Genre: Military, Historical Romance
Type of Short Story: Novella
Summary: Meghan Danahy isn’t afraid to voice her opposition to the war in Vietnam. And when she falls in love with Dennis Kipphut, the political becomes personal. With his low lottery number, Dennis is sure to be drafted as soon as he graduates from college.
Meghan’s father’s connections can help keep Dennis safely at home. But Coyle Danahy wants his daughter to marry the son of a banker or a professional man, not the son of a night watchman. Seeing Dennis drafted seems like the perfect solution to end the relationship. Confident that it will play out as he hopes, Coyle underestimates just how far Meghan will go to protect the man she loves.
Excerpt:
Meghan Danahy met Dennis Kipphut at an anti-war demonstration in the fall of 1969. Over five hundred students had congregated on the Broad Street side of the university, blocking the main entrance, to protest the Vietnam War.

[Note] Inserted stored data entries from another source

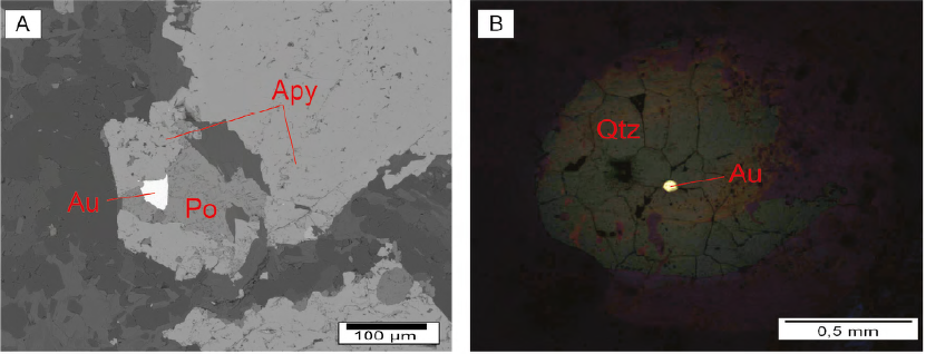 Figura 5. Fotomicrografía de láminas delgadas pulidas del BIF y venas de cuarzo: A. Oro (Au) asociado a la arsenopirita (Apy) y pirrotita (Po) (microsonda electrónica) (muestra PL4A). B. Oro libre en venas de cuarzo (luz reflejada) (muestra PL14D).
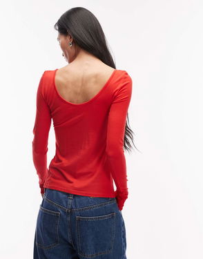 Slim fit long-sleeve top featuring a round neck, extra long sleeves, and a topstitched decorative seam across the front and back.
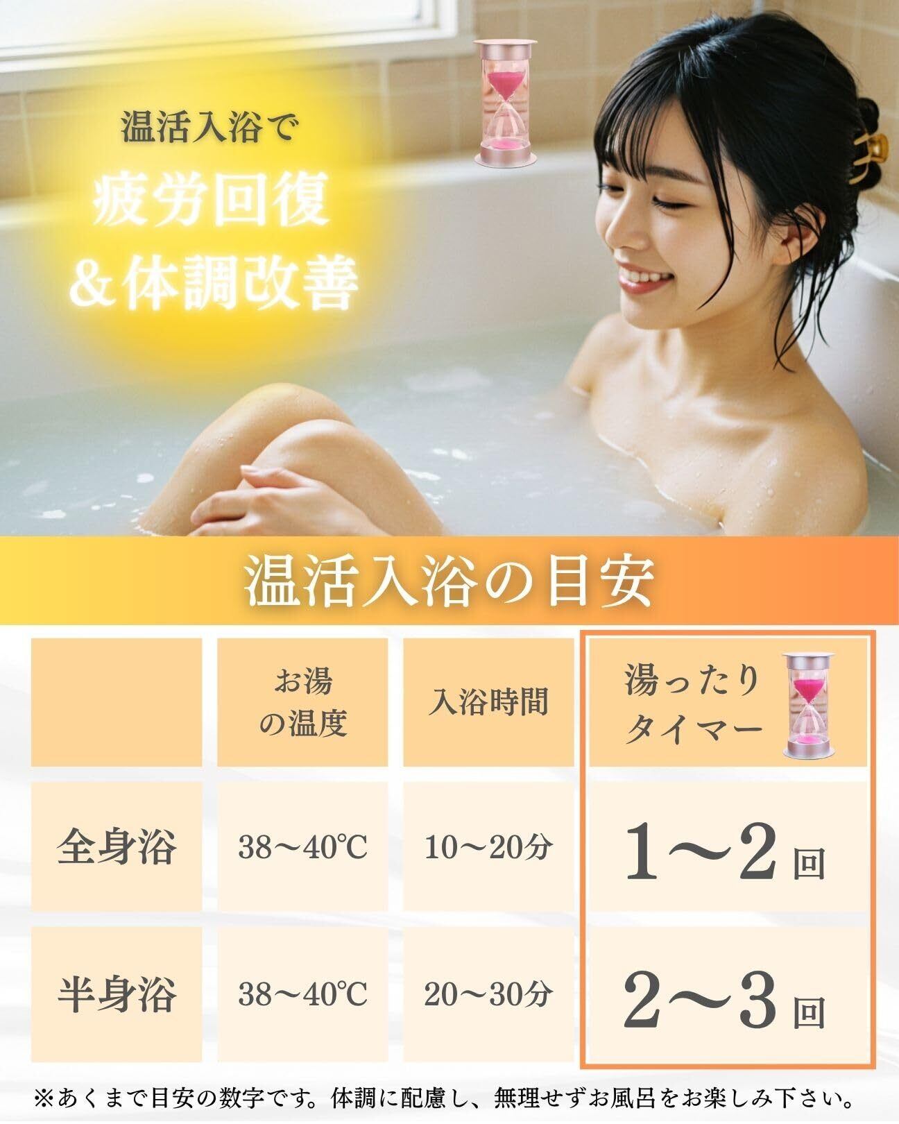 ️【温活入浴にオススメな10分設定】効果的な温活入浴の目安はお湯の温度が38〜40℃、入浴時間が全身浴で10〜20分、半身浴で20〜30分となります。「湯ったりタイマー」は温活入浴の時間計測に最適な10分設定です。

The roadway leading out of the school was plugged with cars, and traffic had started to back up on Broad Street. Gray-uniformed university policemen had surrounded the demonstrators, shouting into bullhorns to dispel the crowd. “Hell, no, we won’t go!” the students shouted, unwilling to concede an inch of ground.
Neither Meghan nor Dennis were participating in the demonstration. Meghan had just left the library and, attracted by the noise and the placards bobbing above the sea of students, had started to walk across the sloping lawn toward the crowd. Sirens from city police cars pierced the air. The chanting grew louder, as rhythmic as a heartbeat. “Hell, no, we won’t go! Hell, no, we won’t go!” Spurred by the insistent cries, Meghan started to run, unaware of a tall, strapping youth trotting behind her. Dennis Kipphut was also in a hurry. It was four fifty-five, and he wanted to catch the South Mills bus that would be stopping on Broad Street at five o’clock. He eyed her buttocks straining against her tight jeans and her dark brown hair swinging freely down her back, catching amber light from the late afternoon sun, and ran faster hoping to get a glimpse of her face before he veered left to the bus stop.
Meghan was near the fringe of the demonstration when the police riot squad alighted from their cars carrying gas masks. “Tear gas, the pigs have tear gas!” someone shouted. The chanting stopped and the crowd splintered, spilling in all directions over the lawn like a broken egg. Before she knew what hit her, Meghan was lying on the grass, dazed.
“Are you all right?” Meghan’s eyelids fluttered. “Are you all right?” a bass voice repeated. She blinked, trying to focus. There was a red plaid shirt directly above her. “You better not move for a few minutes.”
She had gone down almost directly in front of Dennis. He had immediately fallen on his hands and knees, using his body to protect her from students running blindly from the riot squad, although tear gas hadn’t been used.
“What happened?” she asked, pushing herself up on her elbows. Her eyes were wide open; they were green and had yellow flecks in them like miniature suns.
Dennis sat back on his heels. “You were whacked on the head—a two-by-four from a sign someone was carrying.”
“What did the sign say?” Meghan asked, tentatively touching a throbbing spot on the side of her head behind her right ear. It was tender and had started to swell.
“Bomb the Pentagon, I think,” Dennis said.
Meghan laughed, confirming Dennis’ instinctive decision to stay with her. Although she couldn’t be called beautiful—she had a stubborn chin and her cheeks, which were as round as a child’s, were splashed with freckles—her face was strong, and her smile generous and disarming. “I would have liked it better if they had gotten the Pentagon,” she said, struggling to get up.